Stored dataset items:
= Beginning of Section =
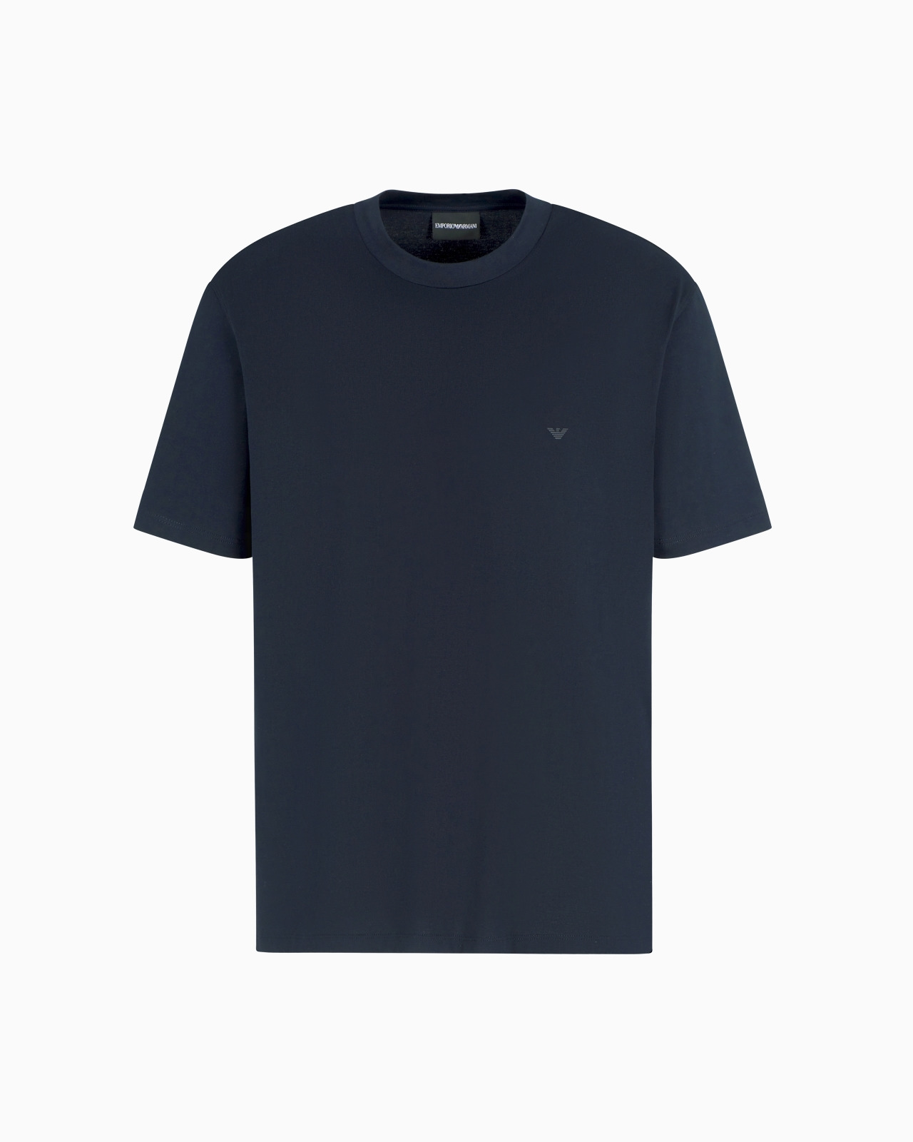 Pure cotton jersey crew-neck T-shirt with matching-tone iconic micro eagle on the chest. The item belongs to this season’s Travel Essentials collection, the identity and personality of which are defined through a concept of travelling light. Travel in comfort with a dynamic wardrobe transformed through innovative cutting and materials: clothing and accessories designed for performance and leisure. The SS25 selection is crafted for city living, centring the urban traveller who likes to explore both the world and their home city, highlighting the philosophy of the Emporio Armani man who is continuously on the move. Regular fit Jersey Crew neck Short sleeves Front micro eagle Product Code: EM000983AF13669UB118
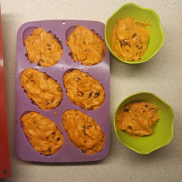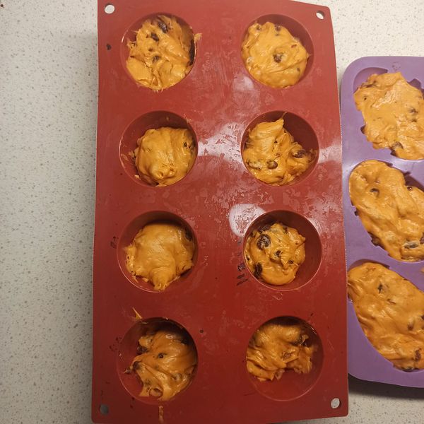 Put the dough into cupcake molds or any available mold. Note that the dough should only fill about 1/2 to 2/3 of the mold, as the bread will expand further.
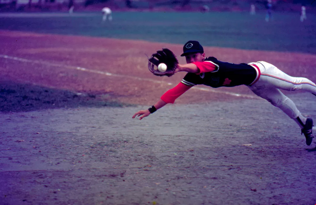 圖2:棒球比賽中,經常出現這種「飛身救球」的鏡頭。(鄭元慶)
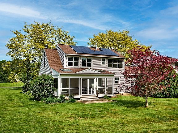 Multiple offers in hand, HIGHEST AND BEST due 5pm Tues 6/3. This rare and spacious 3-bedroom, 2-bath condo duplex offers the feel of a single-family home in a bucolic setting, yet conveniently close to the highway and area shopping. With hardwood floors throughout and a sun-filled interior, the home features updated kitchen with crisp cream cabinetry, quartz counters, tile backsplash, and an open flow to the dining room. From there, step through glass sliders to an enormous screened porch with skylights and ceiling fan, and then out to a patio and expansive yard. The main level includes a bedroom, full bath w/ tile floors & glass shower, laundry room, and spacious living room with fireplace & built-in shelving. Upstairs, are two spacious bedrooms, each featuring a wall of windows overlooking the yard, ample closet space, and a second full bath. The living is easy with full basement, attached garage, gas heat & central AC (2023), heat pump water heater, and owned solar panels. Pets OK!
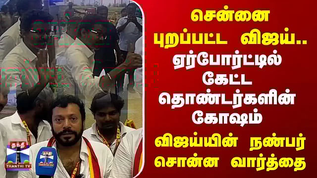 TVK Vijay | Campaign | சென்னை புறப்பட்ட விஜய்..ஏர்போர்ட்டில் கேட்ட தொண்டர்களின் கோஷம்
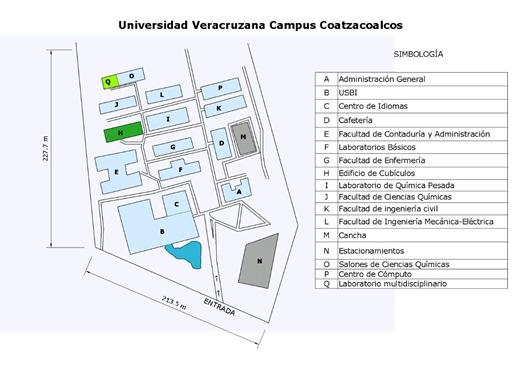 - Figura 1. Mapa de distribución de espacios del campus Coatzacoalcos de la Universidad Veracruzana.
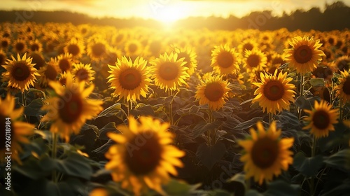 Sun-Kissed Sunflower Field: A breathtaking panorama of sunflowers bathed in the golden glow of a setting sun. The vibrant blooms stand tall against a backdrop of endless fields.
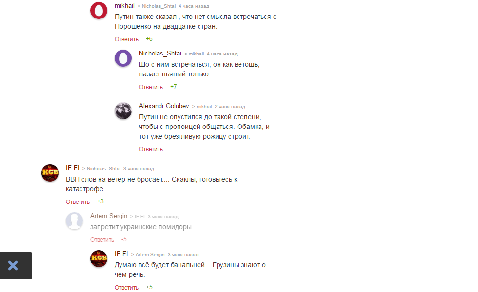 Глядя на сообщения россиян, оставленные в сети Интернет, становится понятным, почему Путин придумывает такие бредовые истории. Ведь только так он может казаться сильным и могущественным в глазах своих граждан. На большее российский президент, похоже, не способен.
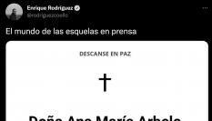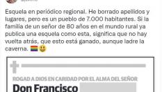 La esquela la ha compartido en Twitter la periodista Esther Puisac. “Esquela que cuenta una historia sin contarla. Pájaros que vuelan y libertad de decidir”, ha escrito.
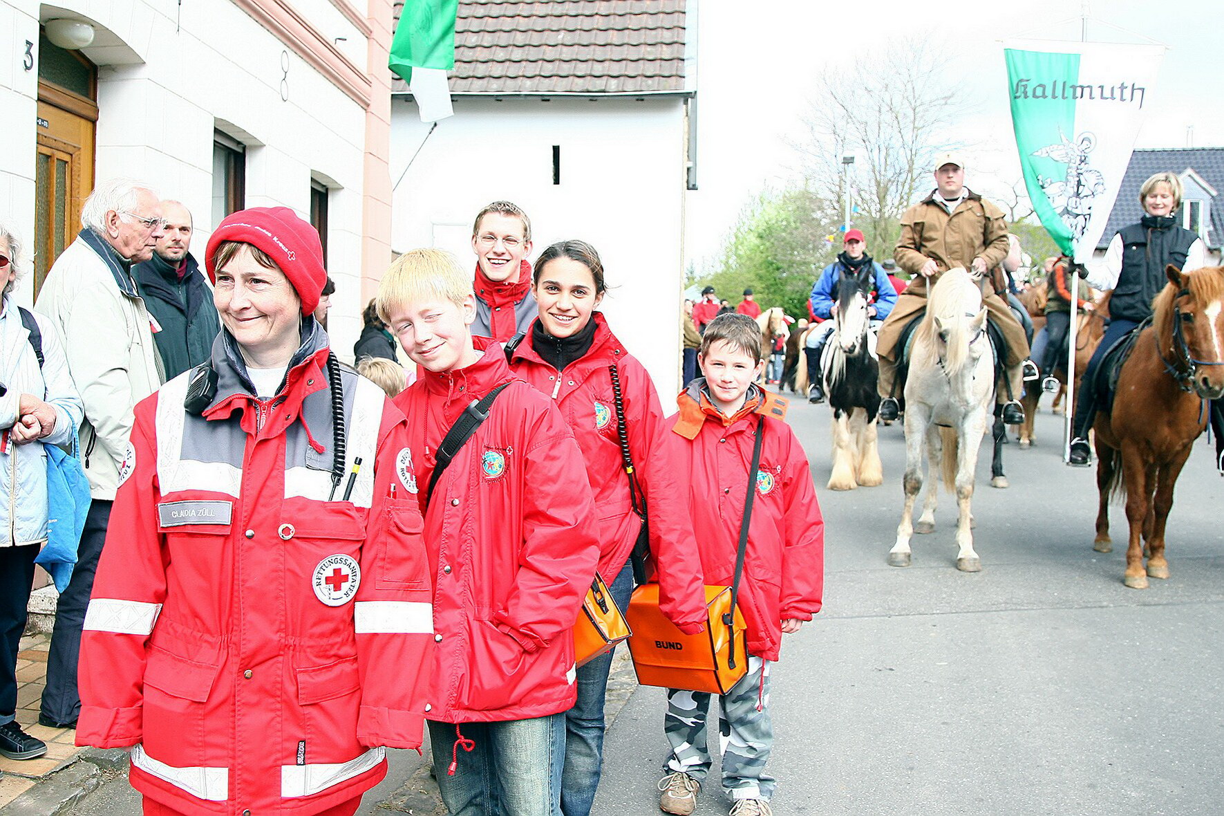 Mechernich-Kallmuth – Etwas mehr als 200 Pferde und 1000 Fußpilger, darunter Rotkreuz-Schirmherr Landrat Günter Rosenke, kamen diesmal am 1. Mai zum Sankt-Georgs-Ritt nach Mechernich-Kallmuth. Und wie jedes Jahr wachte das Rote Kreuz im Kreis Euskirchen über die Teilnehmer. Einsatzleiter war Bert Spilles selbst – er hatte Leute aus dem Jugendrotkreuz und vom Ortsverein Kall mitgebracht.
= End of Section =
Set down all the lines above exactly as they appear, with no pictures.

 Pure cotton jersey crew-neck T-shirt with matching-tone iconic micro eagle on the chest. The item belongs to this season’s Travel Essentials collection, the identity and personality of which are defined through a concept of travelling light. Travel in comfort with a dynamic wardrobe transformed through innovative cutting and materials: clothing and accessories designed for performance and leisure. The SS25 selection is crafted for city living, centring the urban traveller who likes to explore both the world and their home city, highlighting the philosophy of the Emporio Armani man who is continuously on the move. Regular fit Jersey Crew neck Short sleeves Front micro eagle Product Code: EM000983AF13669UB118
 Put the dough into cupcake molds or any available mold. Note that the dough should only fill about 1/2 to 2/3 of the mold, as the bread will expand further.
 圖2:棒球比賽中,經常出現這種「飛身救球」的鏡頭。(鄭元慶)
 Multiple offers in hand, HIGHEST AND BEST due 5pm Tues 6/3. This rare and spacious 3-bedroom, 2-bath condo duplex offers the feel of a single-family home in a bucolic setting, yet conveniently close to the highway and area shopping. With hardwood floors throughout and a sun-filled interior, the home features updated kitchen with crisp cream cabinetry, quartz counters, tile backsplash, and an open flow to the dining room. From there, step through glass sliders to an enormous screened porch with skylights and ceiling fan, and then out to a patio and expansive yard. The main level includes a bedroom, full bath w/ tile floors & glass shower, laundry room, and spacious living room with fireplace & built-in shelving. Upstairs, are two spacious bedrooms, each featuring a wall of windows overlooking the yard, ample closet space, and a second full bath. The living is easy with full basement, attached garage, gas heat & central AC (2023), heat pump water heater, and owned solar panels. Pets OK!
 TVK Vijay | Campaign | சென்னை புறப்பட்ட விஜய்..ஏர்போர்ட்டில் கேட்ட தொண்டர்களின் கோஷம்
 - Figura 1. Mapa de distribución de espacios del campus Coatzacoalcos de la Universidad Veracruzana.
 Sun-Kissed Sunflower Field: A breathtaking panorama of sunflowers bathed in the golden glow of a setting sun. The vibrant blooms stand tall against a backdrop of endless fields.
 Глядя на сообщения россиян, оставленные в сети Интернет, становится понятным, почему Путин придумывает такие бредовые истории. Ведь только так он может казаться сильным и могущественным в глазах своих граждан. На большее российский президент, похоже, не способен.
 La esquela la ha compartido en Twitter la periodista Esther Puisac. “Esquela que cuenta una historia sin contarla. Pájaros que vuelan y libertad de decidir”, ha escrito.
 Mechernich-Kallmuth – Etwas mehr als 200 Pferde und 1000 Fußpilger, darunter Rotkreuz-Schirmherr Landrat Günter Rosenke, kamen diesmal am 1. Mai zum Sankt-Georgs-Ritt nach Mechernich-Kallmuth. Und wie jedes Jahr wachte das Rote Kreuz im Kreis Euskirchen über die Teilnehmer. Einsatzleiter war Bert Spilles selbst – er hatte Leute aus dem Jugendrotkreuz und vom Ortsverein Kall mitgebracht.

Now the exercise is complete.